What do we see?
Over the period from 2012 to 2021, there is an increase of 12%. This increase is steepest between 2017 and 2018. The decline in the latest data points has yet to be confirmed because this is where the impact of the COVID crisis is reflected: the value increased again in the year 2021, but this is visible only very slightly in the moving average.
What’s the aim?
In a circular economy, lower consumption of materials is the target. However, a large part of materials imported into Flanders are for the production of semi-finished and finished products that are re-exported abroad. The efficiency with which the Flemish economy deals with materials is reflected via the material productivity.
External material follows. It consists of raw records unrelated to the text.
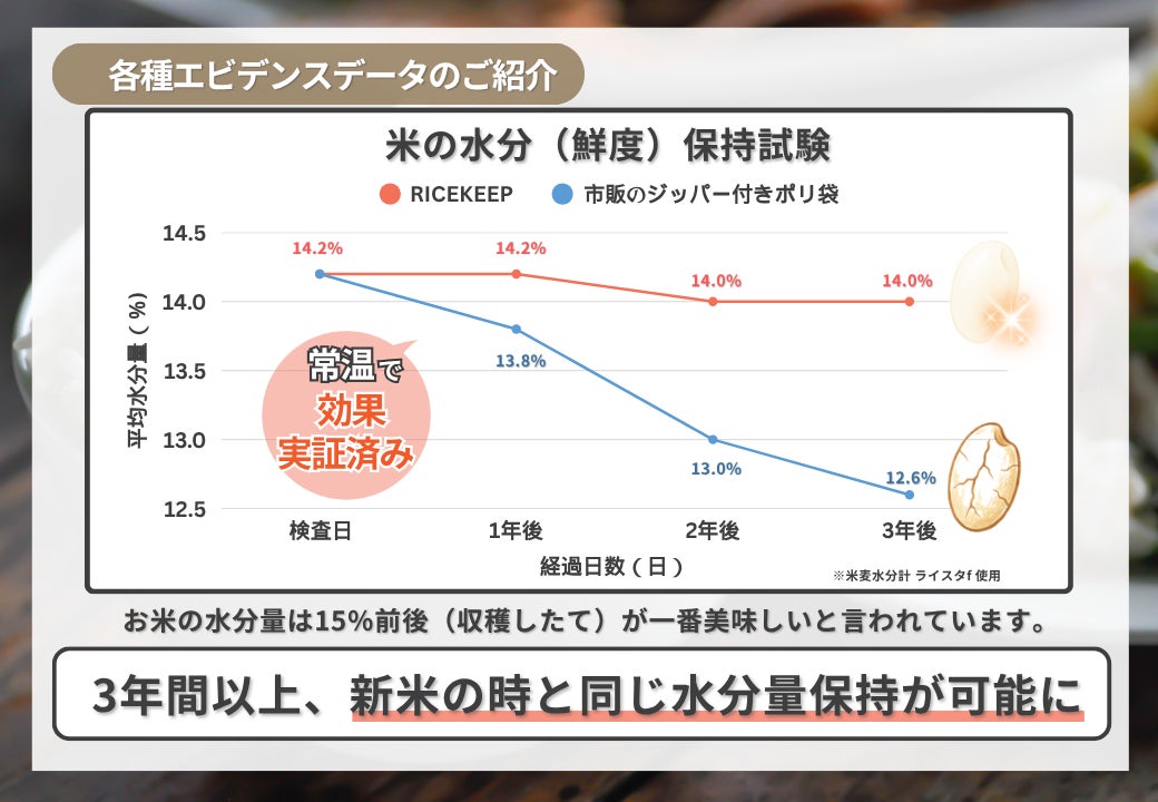 米麦水分計による計測では、同性能商品プロガードライスキープに入れて実験。約3年間の保存期間でも白米に含まれる水分量がほとんど下がっていないことが判明しました。
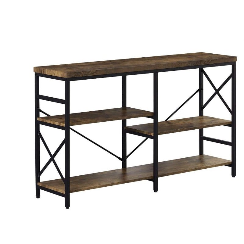 This industrial console table combines the warmth of vintage wood tones with the clean lines of black frosted steel; exuding elegance and rusticity; it can be perfectly matched with rustic; industrial or modern decor.
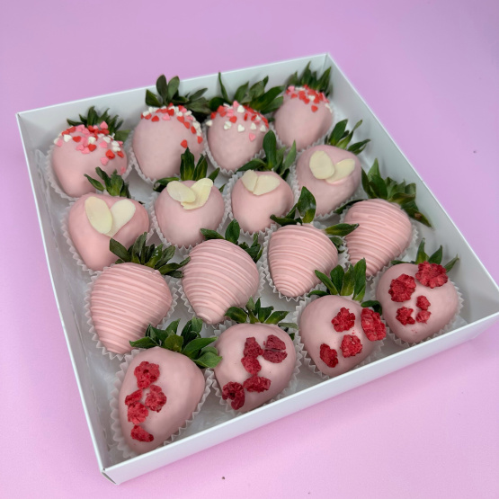 Коробочка свежей клубники в фирменном шоколаде — воплощение нежности и любви. В её основе — сочные ягоды отборной клубники Альбион, каждая из которых вручную окутана бархатистым шоколадом и украшена изящными посыпками. Это безупречный подарок для самого романтичного дня в году — 14 февраля (Дня Святого Валентина).

What does this indicator measure?
The material footprint of the Flemish economy (or RMI) is equal to the sum of domestic extraction used (DEU) and imports, expressed in raw material equivalents (or RME).
Raw Material Input (RMI) = Domestic Extraction Used (DEU) + Imports in raw material equivalents (IMP-RME)
The RMI is calculated on the basis of the economy-wide material flow accounts (EW-MFA) that each member state of the European Union has to report. These are compiled at country level; for Flanders, they are estimated. Imported and exported goods and services are then converted into the quantity of raw materials needed to produce those goods. To do this, more than 9,000 trade flows are converted into extracted raw materials using less than 200 coefficients. Thus, physical import flows (IMP) are converted into resource equivalents (IMP-RME).
Number values may still change in subsequent updates due to usual adjustments in the underlying trade data. We use a three-year moving average because the values in RMI fluctuate quite a bit from year to year.